Tinsley and Tom exchanged a glance and I wanted to scream. Had she never forgotten a date, an appointment? Had she never shown up for her assignations a half hour late?
“Ann, I just assumed you’d stay here with Ellie,” Tinsley said.
“Here?”
“No way! What fun would that be?” Ellie frowned, and I laughed. My feelings precisely!
“We’ll give her the emergency cell phone to carry,” Tom said to Tinsley. “She’ll be fine.”
“Oh, of course she will be,” Tinsley said and smiled. “Of course.”
“Hey, when are we going to open my presents?”
“Hey, right now, kiddo!” Tinsley said. She reached out to ruffle Ellie’s hair, but Ellie ducked under her hand.
The first two she unwrapped were dolls that looked like streetwalkers, with short skirts and boots. She sighed and set them aside—Ellie had never been a doll person. She picked up the next one, mine, and shook it mischievously.
“It’s not a sports car,” I said.
“It’s not a playhouse,” Ellie replied.
“It’s not a puppy,” Tom chimed in, and turned to Tinsley.
“What?

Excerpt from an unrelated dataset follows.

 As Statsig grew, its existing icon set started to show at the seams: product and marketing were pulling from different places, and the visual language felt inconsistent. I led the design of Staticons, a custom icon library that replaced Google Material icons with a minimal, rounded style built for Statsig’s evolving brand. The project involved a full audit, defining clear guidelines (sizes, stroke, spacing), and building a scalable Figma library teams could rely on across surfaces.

Oh, um, it’s not a spatula!” she said brightly.
“Nice try, Tins,” Tom said quietly.
Ellie tore open the paper, then surveyed the white box, which bulged in the middle. She opened the tissue carefully, peeking. Her eyes opened wide. “Is it… a cat?”
“No, silly,” I laughed.
She pulled out the jacket and gasped. “Grandma!” she cried. A short brown fur jacket, with knit ribbing around the waist and a hood. Exactly what a young girl dreams of. The gentleman at the fur salon that specializes in restyling was certainly right.
“Wow,” Tom said.
Ellie was already putting it on. “I had it made a little big, so you could wear it for a while,” I explained.
“It’s perfect!”
“Wow, it’s uh, very grown-up, Ellie,” Tinsley said.
“I love it! I’m never taking it off!”
“That’s not real fur, is it, Ann?” Tinsley frowned, “Because—”
“Oh no, of course not!” I said. And as I leaned over to zip up the zipper for Ellie, our eyes met and I gave her the universal grandmother-to-grandchild signal.
I winked.
She finished up her presents and I told Tom I’d forgotten something in my car. It was in a dark box on the floor of the backseat, no bow. I carried it in and set it in front of him.
“An early present for you,” I said.
“Three months early?” he replied and I shrugged.
The lid of the box came off easily.
“Sneakers?”
“Running shoes,” I said firmly. “I hope they fit.” I smiled as I gathered the scraps of wrapping paper for the recycling bin.
Tinsley looked up from her nails warily, like someone does when a nurse enters the room with a needle.